2). Revenue is recognized when the shipper is delivered to the end-user requiring the enclosed materials. The company also provides vacuum insulated aluminium dewars and cryogenic freezer systems, where revenue is recognized upon satisfaction of delivery.
3). In addition, CYRX offers a global temperature-controlled logistics service. This is a nice – but quintessential service – as mentioned earlier. Here, revenue is recognized as each service is rendered. The bulk of this serves includes integrated temperature-controlled biostorage solutions. Each one of the above is also offered to customers under long-term MSAs. These encompass a wide spectrum of services, namely:
- Biological specimen cryopreservation storage and maintenance
- Archiving
- Monitoring and tracking
- Receipt and delivery of samples
- Transport of frozen biological specimens, and
- Management of incoming and outgoing biological specimens.

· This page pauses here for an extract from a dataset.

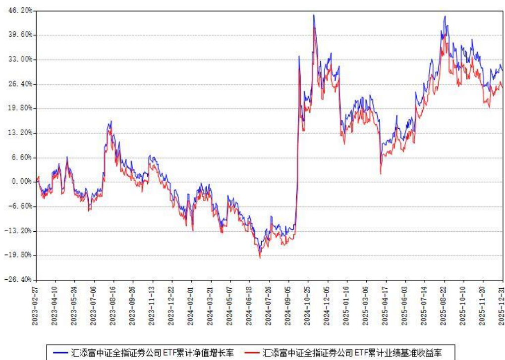
汇添富中证全指证券公司ETF累计净值增长率与同期业绩基准收益率对比图

注：本基金建仓期为本《基金合同》生效之日（2023年02月27日）起6个月，建仓期结束时各项资产配置比例符合合同约定。

4). One of the key differentiators that piques our interest is its cloud-based logistics management platforms. These are reported under the Cryoportal Logistics Management Platform, and the CRYOPDP Unity platform. Key to the offering, is that both services are managed from an integrated control tower.
Collectively, the systems are known as the “Cryoportal”, and the segment integrates with CYRX’s wider offering. To illustrate, the Cryoportal provides a fully documented history of all CREs, including the Elite shippers, including, chain of custody, chain of condition and chain of identity services. For its customers who need shipment of the various biologic commodities,, this ensures that all stability and compliance measures are maintained throughout the supply chain.
Upcoming catalysts
CYRX’s upcoming full-year earnings could provide a meaningful upside catalyst should the company beat the Street’s estimates at the top and bottom lines. We’d also caution that the opposite could be true if it comes in with another weak quarter. Moreover, CYRX hopes to launch 2 additional products this year, the Cryoport Elite shipper and its Cryosphere segment. This is a gravitationally stabilised cryogenic shipper that will be used in transporting various cell therapies. The Elite shipper will be a negative 80°C shipper that will expand CYRX’s offering into upstream viral vector products. These will be complementary to the CRE segment. We look forward to hearing more of these products as the company releases its full year earnings in the coming weeks.
CYRX market generated data
Looking at various technical indicators, with the latest shift off its 52-week lows, CYRX has crossed the cloud and this lets us trade the upside targets listed below. The lagging line [in blue] has also crossed above and is testing the cloud top, telling us that price is bullish at this point.
Exhibit 2. CYRX crossed the cloud in January and this is a bullish setup
As a result, we have upside targets to $38.5, and we are seeking a move to this level over the coming weeks. A lot rests on the company’s FY22 financials, and, if they are reasonably strong, we believe there’s scope for the stock to re-rate to these levels.
Exhibit 3. Upside targets to $38.5
In short
CYRX has been heavily punished over the last 12 months of trade. The question now turns to whether this is an appropriate entry point. We are constructive on CYRX’s position in the life sciences value chain and believe the company has scope to rate higher, seeking upside targets to $38.5. Net-net, we rate CYRX a buy.